[ACTION ITEM]:
Exact copies of the lines below, from the one with "Teknik olarak baktığımızda" up to and including the one with "Autor da recolla: Óscar", are what this calls for; leave out pictures.

*** SUPPLIED MATERIAL ***

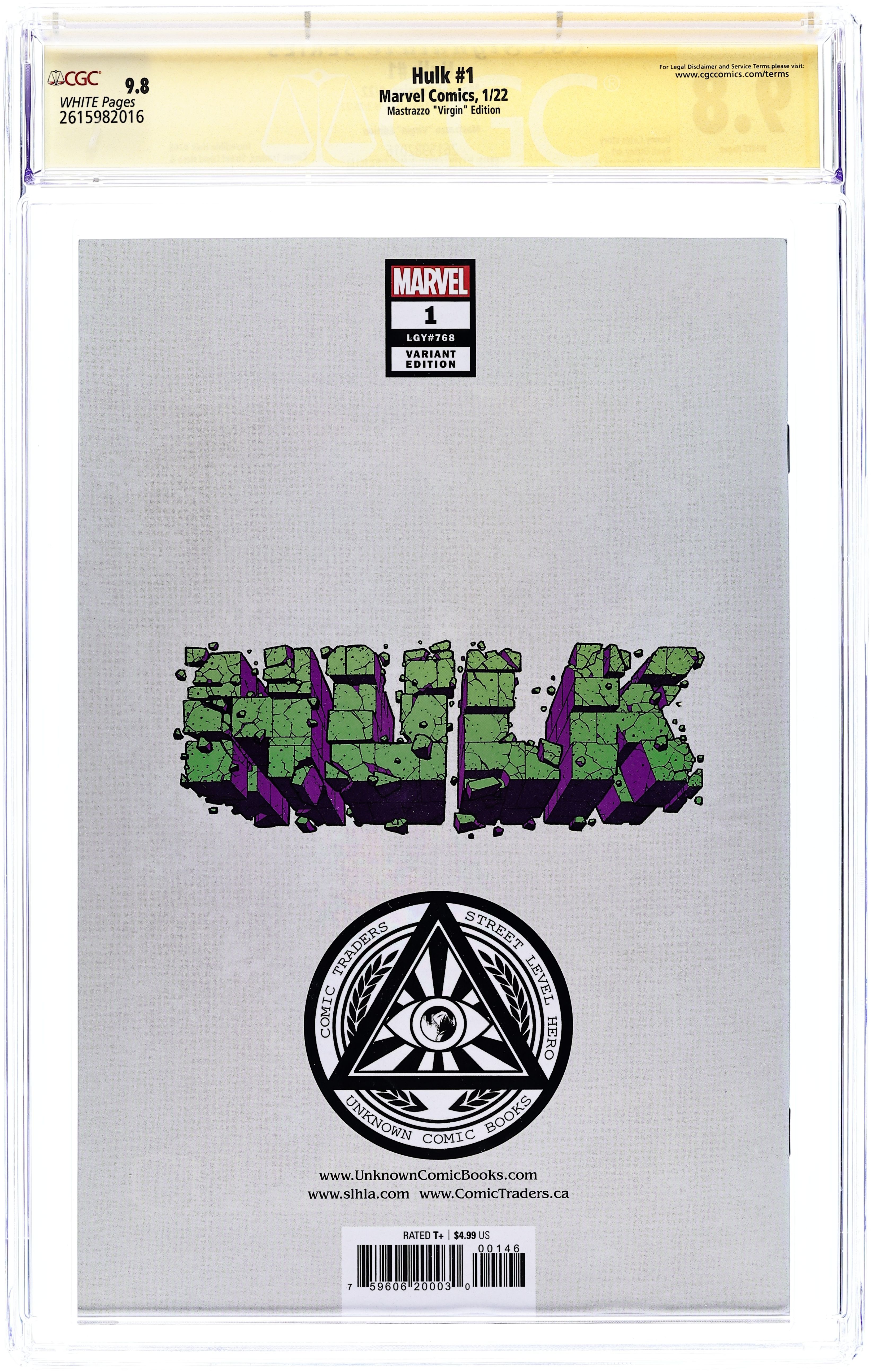 Tags: Marvel Legacy Numbering: Hulk (part 768), HulkHulk (2022 Marvel) 1ILLUMINATI.B CGC 9.8 SS Ferrigno Mastrazzo Illuminati Virgin Variant
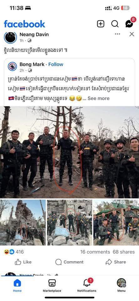 ทำให้ดูเหมือนเป็นการจัดฉากถ่ายในสตูดิโอแล้วเอาไปโพสต์ปั่นหัวคนในประเทศตัวเอง บอกว่าไทยหลอกประชาชนทั้งประเทศ อดีตแม่ทัพไม่ได้ลงพื้นที่จริง แถมอ้างหน้าตาเฉยว่าทหารกัมพูชายังยึดปราสาทตาควายไว้ได้อย่างแข็งแกร่ง
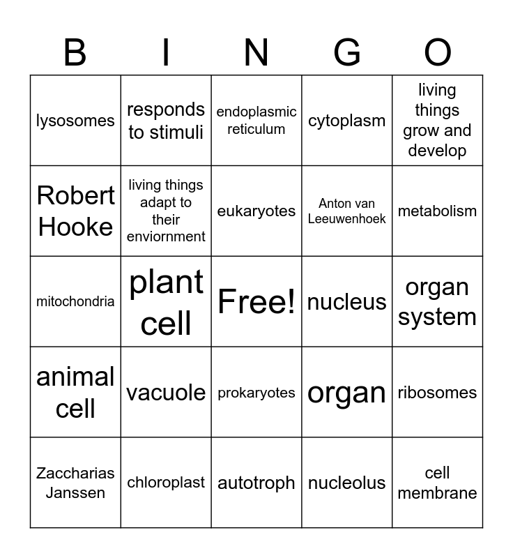 This bingo card has a free space and 40 words: level of orginization, mitochondria, cell, living things adapt to their enviornment, chloroplast, prokaryotes, eukaryotes, cell wall, living things grow and develop, animal cell, plant cell, cytoplasm, cell membrane, organ system, nucleus, vacuole, living things reproduce, lysosomes, golgi bodies, endoplasmic reticulum, ribosomes, nucleolus, Anton van Leeuwenhoek, Robert Hooke, Theodor Schwann, Matthias Schleiden, Rudolf Virchow, All living things are made of cells, organism, unicellular, multicellular, Zaccharias Janssen, little rooms, organ, metabolism, autotroph, heterotroph, obtain and use energy, responds to stimuli and maintain homeostasis.
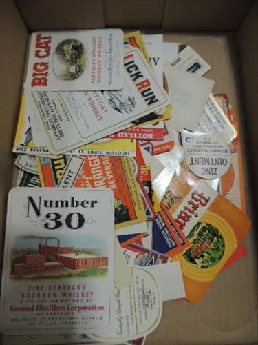 LARGE LOT OF BREWERIANA ASSORTED WHISKEY BOTTLE LABELS. TOO MANY TO COUNT. WIDE VARIETY. AS SHOWN. VIEW PICTURE FOR DETAIL.
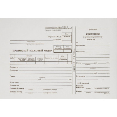 Бланк Прих.кассовый ордер (5кн.х100л.) офсет
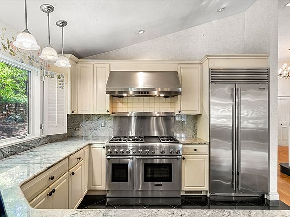 - Features: Vaulted Ceiling(s), Flooring - Stone/Ceramic Tile, Window(s) - Picture, Countertops - Stone/Granite/Solid, Breakfast Bar / Nook, Recessed Lighting, Stainless Steel Appliances, Gas Stove, Lighting - Pendant
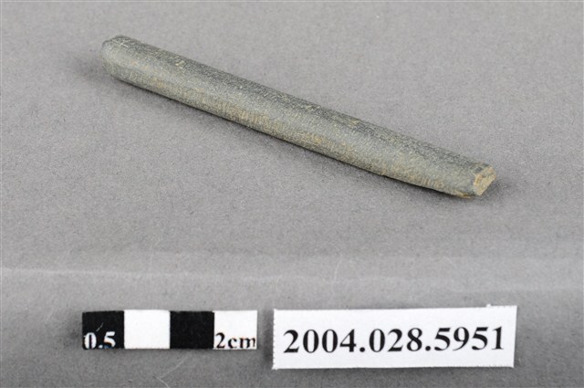 1.本件為花蓮掃叭遺址採集之磨製石針,材質為灰黑色板岩,器長5.3cm、寬0.6cm、厚0.5cm,器形為扁圓形,器身磨製成長條型,兩端均已折斷。2.本件器物常在臺灣的史前遺址發現,推測為史前人類用來穿孔之工具。
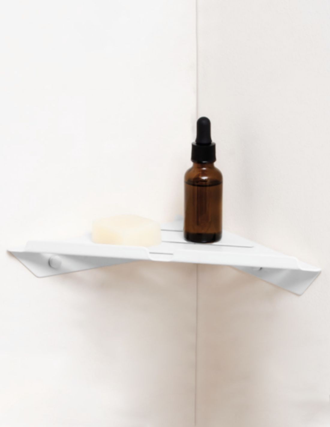Su diseño triangular está pensado específicamente para encajar en las esquinas, aprovechando áreas que de otro modo quedarían sin usar y manteniendo los productos al alcance de la mano.
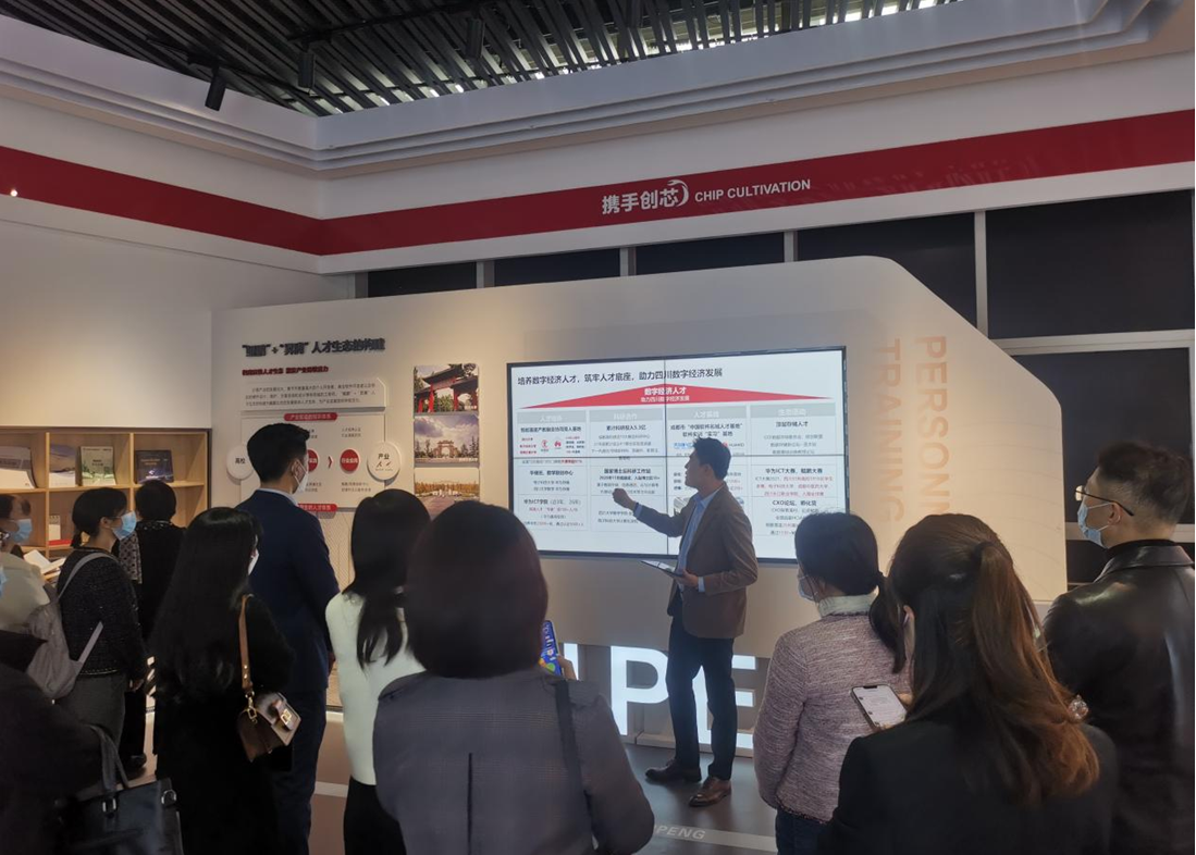 本次活动的第二站,与参会嘉宾们前往华为鲲鹏生态中心进行参观,并由工作人员进行展厅讲解。展厅内展示的基于鲲鹏处理器的整体产业生态,对成都建设全国重要的科技中心、打造全球知名软件研发中心、推动城市经济高质量发展具有重要意义。嘉宾们深刻感受到了华为鲲鹏生态基地展示中心集科技感、未来感、体验感、智能性、专属性、知识性于一体。
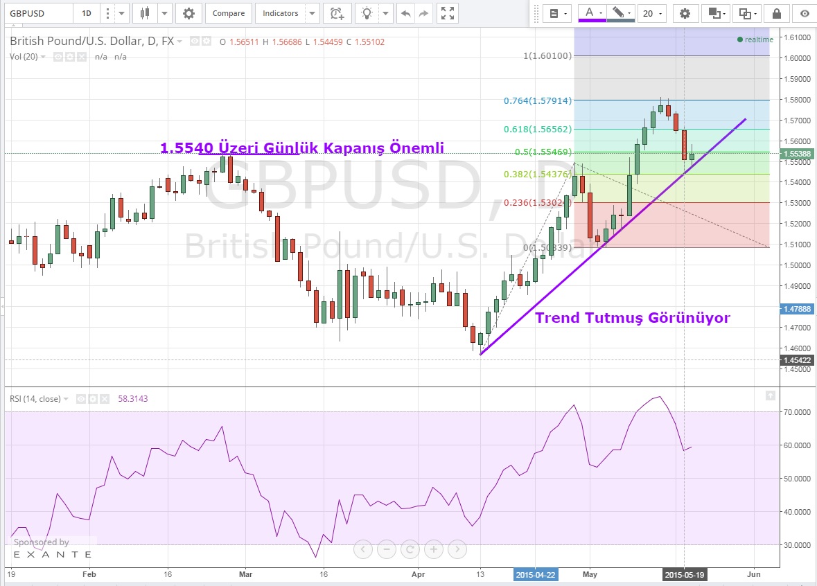 Teknik olarak baktığımızda günlük trend oluşturmaya çalışan Cable 'da 1.5540 üzeri kapanışlarda
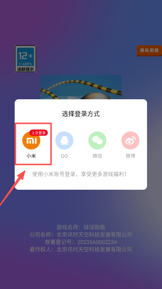 1、点击“上次登录”按钮,快速使用小米账号登录游戏,享受游戏福利。
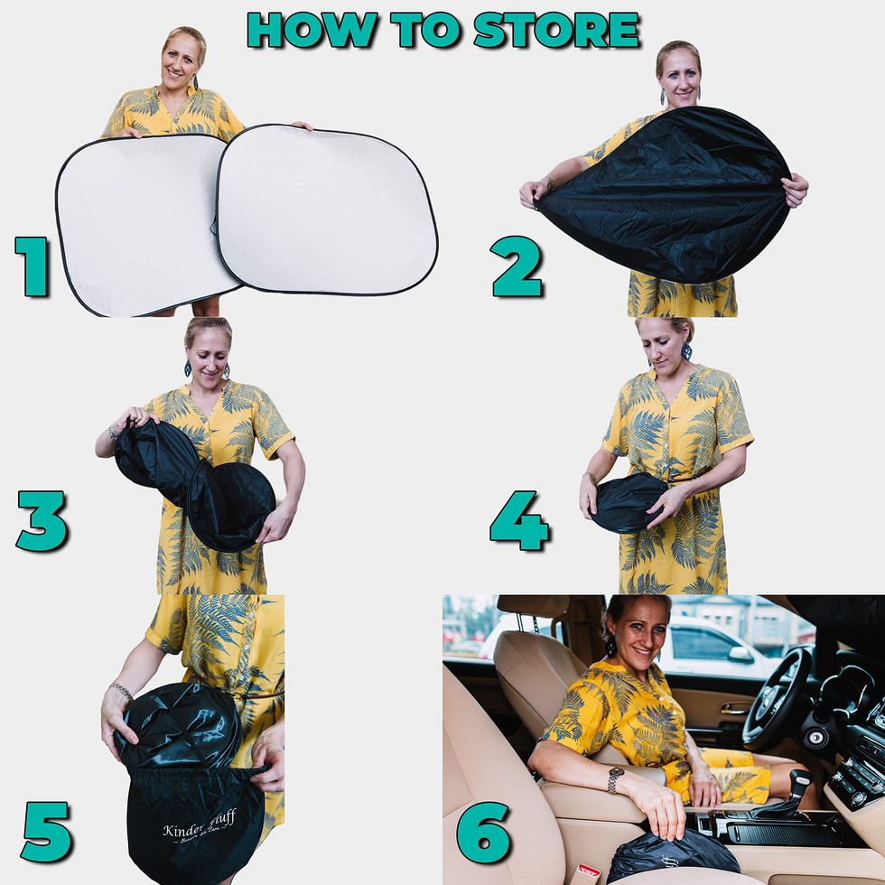 - Compact Design- Easy to install & remove without any suction cup, cups or adhesives or film leaving no residue on front windows glass. The foldable design & the bonus storage pouch makes it easy to fold & store in your autos, unlike car umbrella cover. Whether you have a ford, hyundai, kia, chevy, toyota, civic, tesla, volkswagen model, we got you covered!
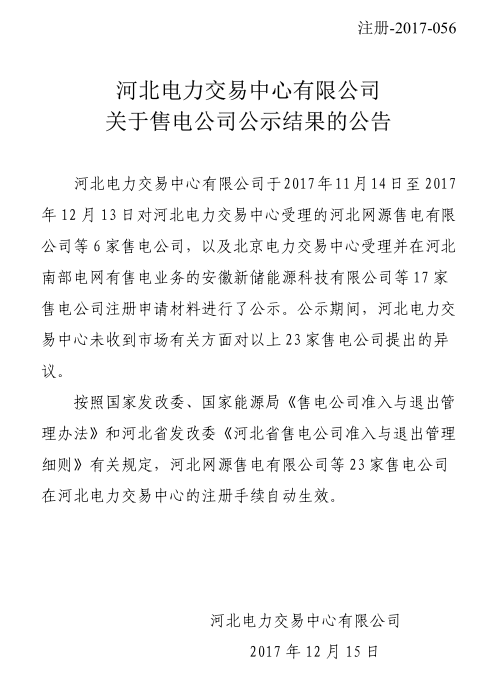 河北電力交易中心日前發(fā)布了關(guān)于售電公司公示結(jié)果的公告,公告中稱,河北電力交易中心于2017年11月14日至2017年12月13日對(duì)河北電力交易中心受理的河北網(wǎng)源售電有限公司等6家售電公司,以及北京電力交易中心受理并在河北南部電網(wǎng)有售電業(yè)務(wù)的安徽新儲(chǔ)能源科技有限公司等17家售電公司注冊(cè)申請(qǐng)材料進(jìn)行公示,未收到23家售電公司的異議,注冊(cè)手續(xù)自動(dòng)生效。詳情如下:
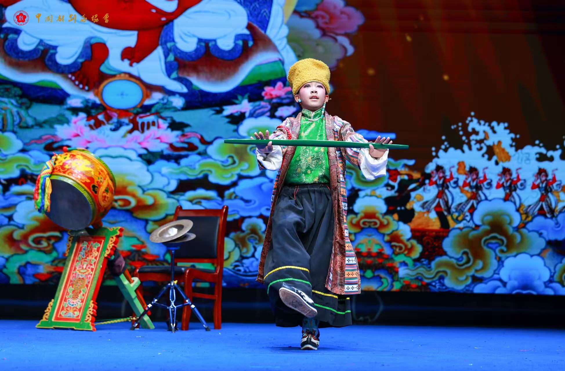 在众多技艺中,藏戏司鼓的鼓艺是他的突出特长。藏戏演出中,击鼓人既要掌控全场节奏,又要用鼓点传递情绪。单增班旦已能熟练完成开场击鼓,并边击鼓边演唱。凭借“鼓艺与唱腔双优”的能力,他成为西藏戏剧家协会牵头组建的“藏戏少儿精英班”中,极少数能同时胜任藏戏司鼓击鼓伴奏与主演演唱双重角色的学生。
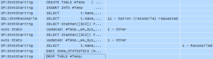 Nevertheless, it does show how most people expect things to work regarding statistics, temporary table lifetimes, and compilation:
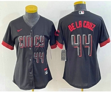Women's Cincinnati Reds #44 Elly De La Cruz Number Black 2023 City Connect Cool Base Stitched Baseball Jersey2
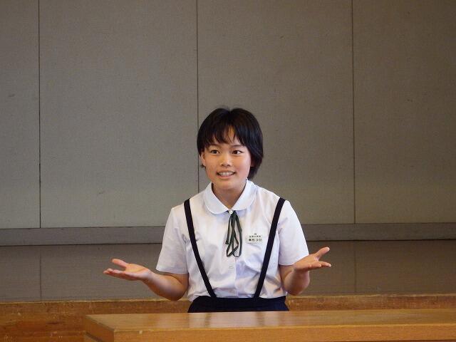 本日の全校集会は,スピーチ活動でした。3人の生徒が,「人の優しさを感じた経験」,「懐かしいあの絵本」というテーマで意見を述べてくれました。
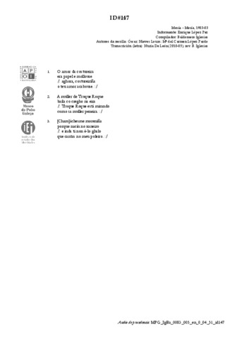 Autor da recolla: Óscar e Louro, Neves e López Pardo, María del Carmen
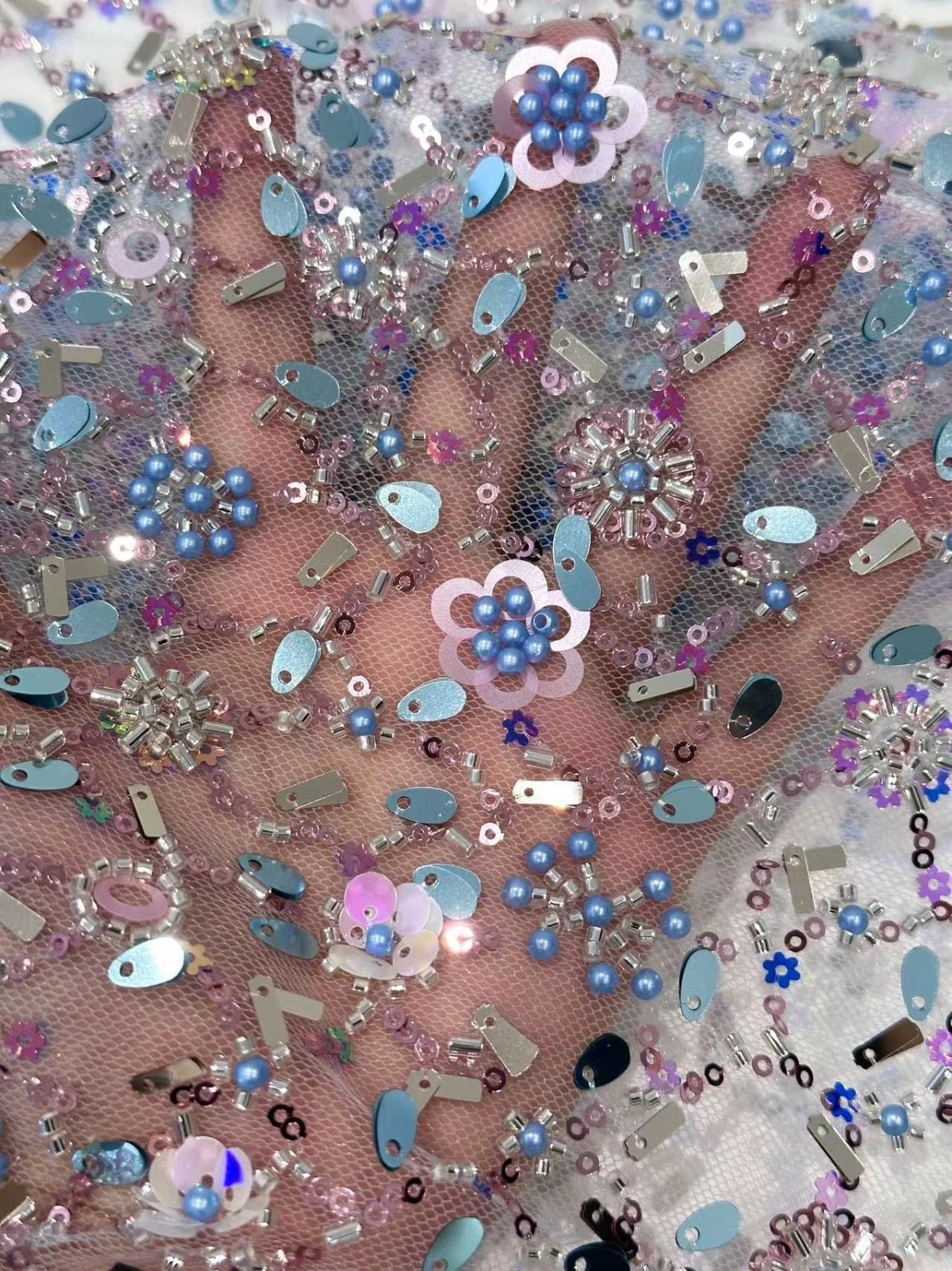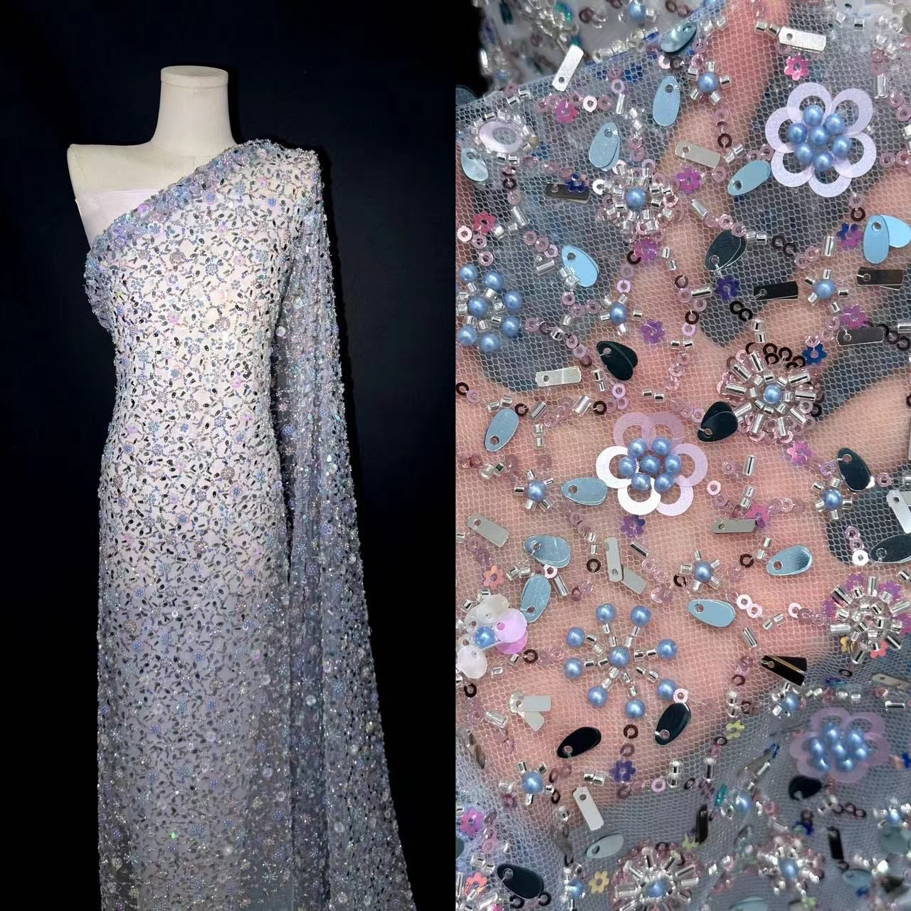 This high Quality Fabric is made with Fashion embroidered rhinestones can be used in making party wedding dresses, skirts, shawls, scarves and other other fashion apparels as you would like.

*** End of SUPPLIED MATERIAL ***

[YOUR RESPONSE]:
 Teknik olarak baktığımızda günlük trend oluşturmaya çalışan Cable 'da 1.5540 üzeri kapanışlarda
 1、点击“上次登录”按钮,快速使用小米账号登录游戏,享受游戏福利。
 - Compact Design- Easy to install & remove without any suction cup, cups or adhesives or film leaving no residue on front windows glass. The foldable design & the bonus storage pouch makes it easy to fold & store in your autos, unlike car umbrella cover. Whether you have a ford, hyundai, kia, chevy, toyota, civic, tesla, volkswagen model, we got you covered!
 河北電力交易中心日前發(fā)布了關(guān)于售電公司公示結(jié)果的公告,公告中稱,河北電力交易中心于2017年11月14日至2017年12月13日對(duì)河北電力交易中心受理的河北網(wǎng)源售電有限公司等6家售電公司,以及北京電力交易中心受理并在河北南部電網(wǎng)有售電業(yè)務(wù)的安徽新儲(chǔ)能源科技有限公司等17家售電公司注冊(cè)申請(qǐng)材料進(jìn)行公示,未收到23家售電公司的異議,注冊(cè)手續(xù)自動(dòng)生效。詳情如下:
 在众多技艺中,藏戏司鼓的鼓艺是他的突出特长。藏戏演出中,击鼓人既要掌控全场节奏,又要用鼓点传递情绪。单增班旦已能熟练完成开场击鼓,并边击鼓边演唱。凭借“鼓艺与唱腔双优”的能力,他成为西藏戏剧家协会牵头组建的“藏戏少儿精英班”中,极少数能同时胜任藏戏司鼓击鼓伴奏与主演演唱双重角色的学生。
 Nevertheless, it does show how most people expect things to work regarding statistics, temporary table lifetimes, and compilation:
Women's Cincinnati Reds #44 Elly De La Cruz Number Black 2023 City Connect Cool Base Stitched Baseball Jersey2
 本日の全校集会は,スピーチ活動でした。3人の生徒が,「人の優しさを感じた経験」,「懐かしいあの絵本」というテーマで意見を述べてくれました。
 Autor da recolla: Óscar e Louro, Neves e López Pardo, María del Carmen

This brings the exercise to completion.